Activity -
Restate the listing below word for word; no pictures belong in the copy.

Information supplied -
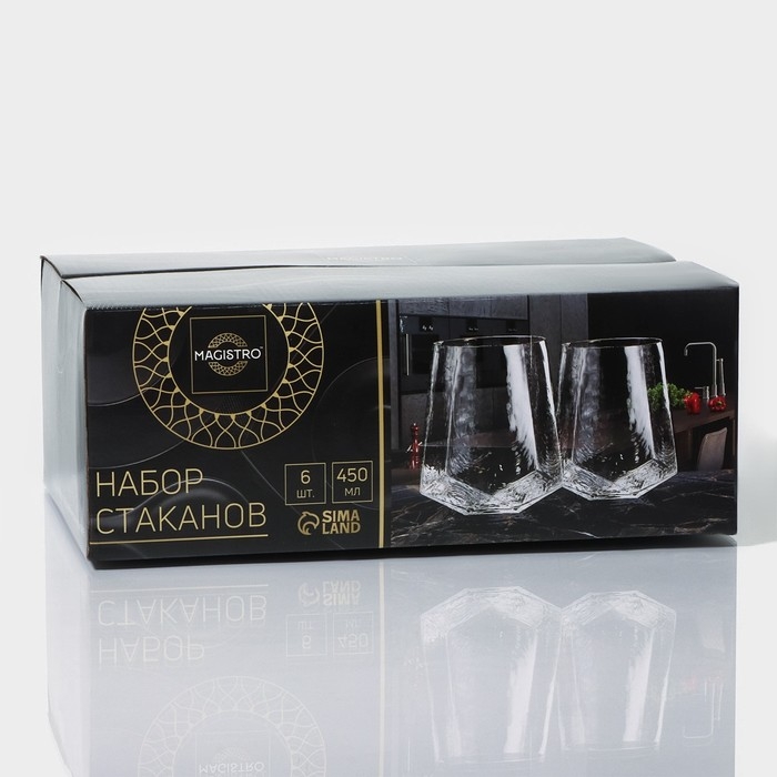 Набор стаканов стеклянных Magistro «Дарио», 450 мл, 10×11,5 см, 6 шт, цвет графит
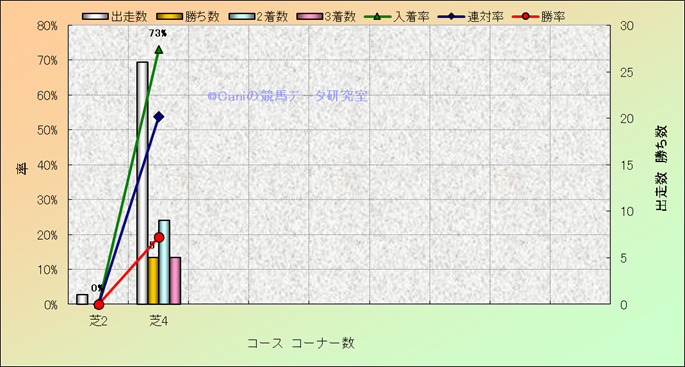コース、コーナー数別成績(平地) |
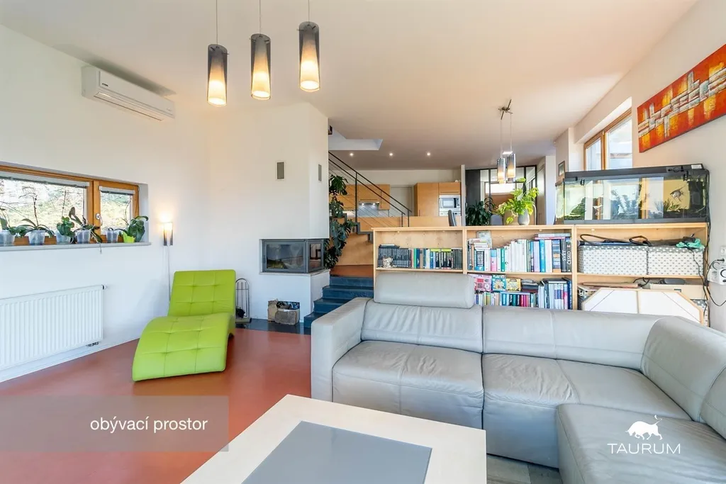 • V obývacím prostoru je trojstěnný krb s vyvložkovaným komínem
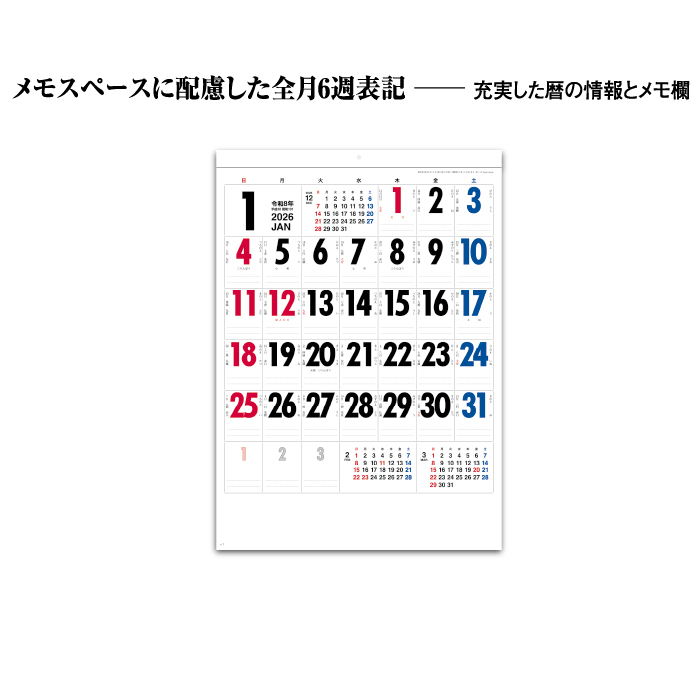 ・たっぷり書き込めるメモ欄と充実の暦情報

Written solution -
 Набор стаканов стеклянных Magistro «Дарио», 450 мл, 10×11,5 см, 6 шт, цвет графит
コース、コーナー数別成績(平地) |
 • V obývacím prostoru je trojstěnný krb s vyvložkovaným komínem
 ・たっぷり書き込めるメモ欄と充実の暦情報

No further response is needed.